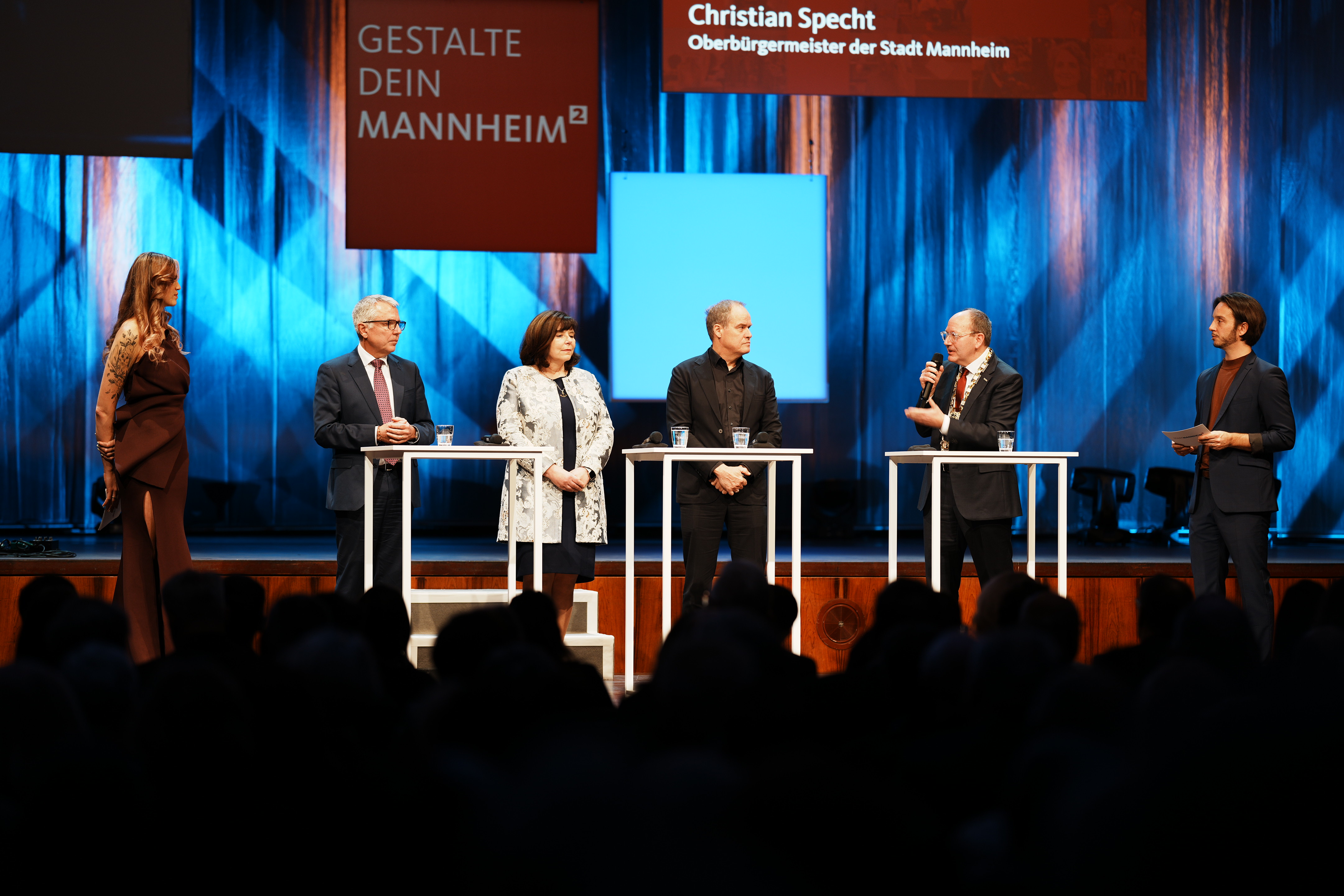 Neujahrsempfang 2024: Talkrunde zum Ehrenamt mit Dominik Mondl vom TV 1880 Käfertal e.V., Ines Reichel von der Freiwilligen Feuerwehr und Esther Noack, Vorlesepatin des Projekts „Mannheim liest vor“
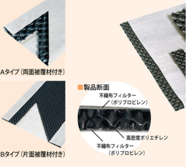 ・フィルター材は、いろいろな土質に対して目詰りを起こしにくい構造である。また、土中での腐食の心配がほとんどないため 長期間使用できる。
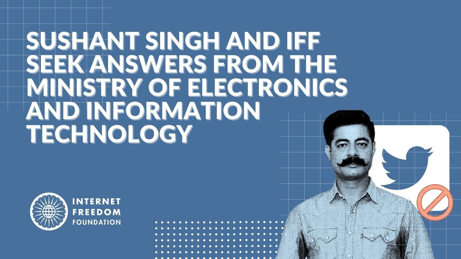 Twitter unilaterally and arbitrarily suspended the account of Sushant Singh (@sushant_says) twice, i.e. on February 1 and May 26, 2021. The first time, Twitter sent him an email stating that the account had been restricted due to a specific tweet posted on the account. However, for the second suspension, no information was or has been provided by Twitter to Mr. Singh till date. We helped him send a representation to Twitter urging an open dialogue on its policy. We also helped him file RTI requests with the Ministry of Electronics and IT (MeitY), the Department of Telecommunications (DoT) and the Ministry of Home Affairs (MHA). In their replies, DoT and MHA stated that they had no records of any such blocking and transferred the RTI to MeitY. However, Meity invoked the 2009 Blocking Rules (defined below) and an exemption under the Right to Information Act, 2005 (the RTI Act) to deny information to Mr. Singh.

□ □ □

■ EXERCISE
What is needed is an exact copy of all the data, with no images in it.

■ REPLY
 Neujahrsempfang 2024: Talkrunde zum Ehrenamt mit Dominik Mondl vom TV 1880 Käfertal e.V., Ines Reichel von der Freiwilligen Feuerwehr und Esther Noack, Vorlesepatin des Projekts „Mannheim liest vor“
 ・フィルター材は、いろいろな土質に対して目詰りを起こしにくい構造である。また、土中での腐食の心配がほとんどないため 長期間使用できる。
 Twitter unilaterally and arbitrarily suspended the account of Sushant Singh (@sushant_says) twice, i.e. on February 1 and May 26, 2021. The first time, Twitter sent him an email stating that the account had been restricted due to a specific tweet posted on the account. However, for the second suspension, no information was or has been provided by Twitter to Mr. Singh till date. We helped him send a representation to Twitter urging an open dialogue on its policy. We also helped him file RTI requests with the Ministry of Electronics and IT (MeitY), the Department of Telecommunications (DoT) and the Ministry of Home Affairs (MHA). In their replies, DoT and MHA stated that they had no records of any such blocking and transferred the RTI to MeitY. However, Meity invoked the 2009 Blocking Rules (defined below) and an exemption under the Right to Information Act, 2005 (the RTI Act) to deny information to Mr. Singh.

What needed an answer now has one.